Posted by Simon Willnauer <si...@gmail.com>.
hey simon ;)


On Fri, Jul 20, 2012 at 2:29 AM, Simon McDuff <sm...@hotmail.com> wrote:
>
> Thank you Simon Willnauer!
>
> With your explanation, we`ve decided to control the flushing by spawning another thread. So the thread is available to still ingest ! :-) (correct me if I'm wrong)We do so by checking the RAM size provided by Lucene! (Thank you!)By putting the automatic flushing at 1000 megs and our controlling at 900 megs, we know that the automatic flushing "should" not happen.

it should not. Yet, 1G is a large ram buffer. In my tests I got much
better results with lowish ram buffers like 256MB since that causes
flush to happen more often and it saturates your IO on the machine.
The general goal is to keep the RAM buffer at a level where you almost
constantly flush ie. you maximise the the RAM buffer so that a flush
should happen once you are done with the previous flush. Does that
make sense?

> I know you contribute a lot to the concurrency feature! This is great! I was very excited to try it!
> We tried the following approaches:Option 1- 6 threads referring to the same IndexWriterOption 2- 6 threads having their own IndexWriter, merge it at the end
> Unfortunately, we found that option 2 scale better. I'm not sure why option 1 didn`t scale. Is it possible that synchronization between threads is too costly ? ... I don`t have an answered but it was definitely slower.

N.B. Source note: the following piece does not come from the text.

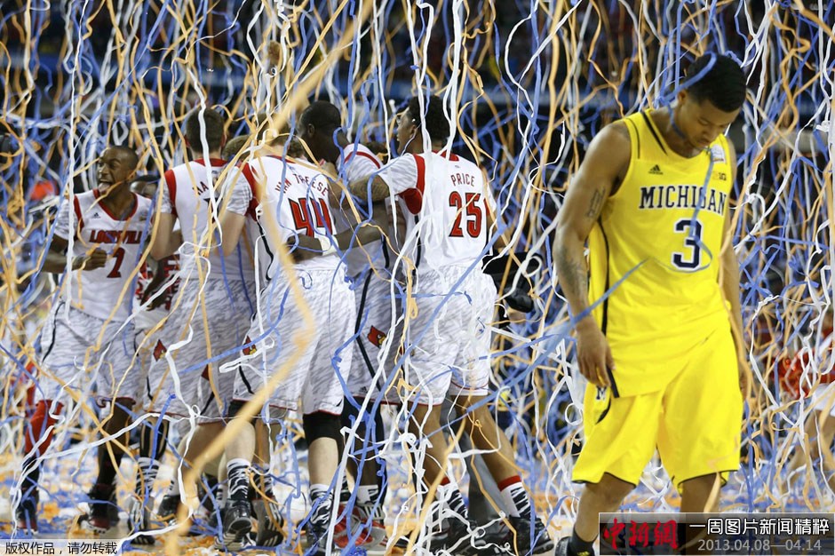 周一,在美国佐治亚州亚特兰大举行的全国大学生体育协会(NCAA)男篮总决赛上,路易斯维尔大学红雀队在击败密歇根大学狼獾队夺得冠军后庆祝,密歇根大学的后卫伯克(Trey Burke)低头走下球场。

can you provide the numbers and what you actually did in your experiment.

> With option 2, we are able to insert between 800 000 - 900 000 documents / sec. (we've modified lucene to remove some bottleneck)Threads DO NOT ONLY index, it does other stuff before adding documents.

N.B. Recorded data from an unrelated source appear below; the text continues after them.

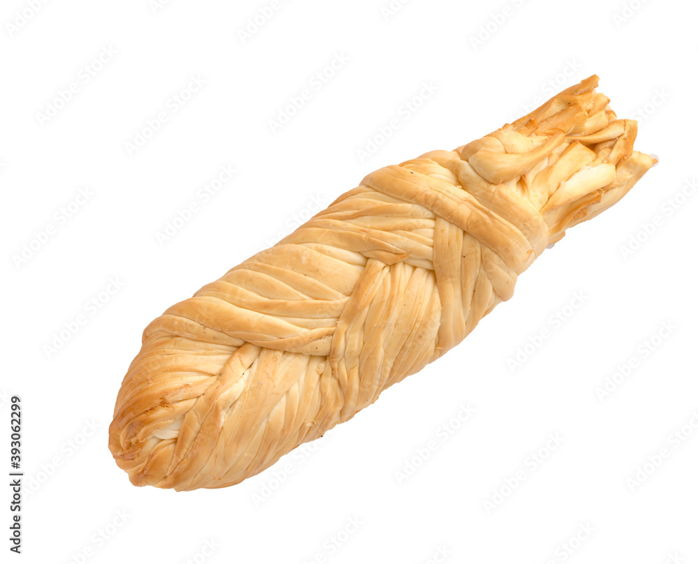 Sulugumi cheese in pigtail on white background
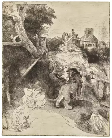 printing with rich burr on the lion's mane, tree stump, shrubs, figures on the bridge and elsewhere
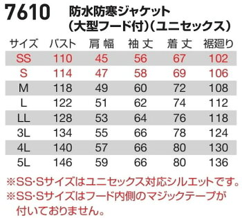 防寒作業服 バートル 防水防寒ジャケット(大型フード付) 7610 SS〜LL 7610シリーズ

what are your modifications? 800k documents are a lot! I wonder what
you are indexing, do you have any text you are inverting. I have run
tests on a very strong machine on 4k /doc average doc size and I
couldn't even get 10% of this. So in your case lock contention in the
indexwriter (there are still blocking parts) could be dominating. This
is certainly not what we optimize for. I'd say 99% of the cases the
most of the time is spend in DocumentsWriterPerThread inverting the
document. If that is not the case in your experiment and you are only
measuring thread overhead then I can totally buy your numbers.

> Did you look at the disruptor pattern (by LMAX) ? It helped us a lot to achieve great performance in multithreaded environment!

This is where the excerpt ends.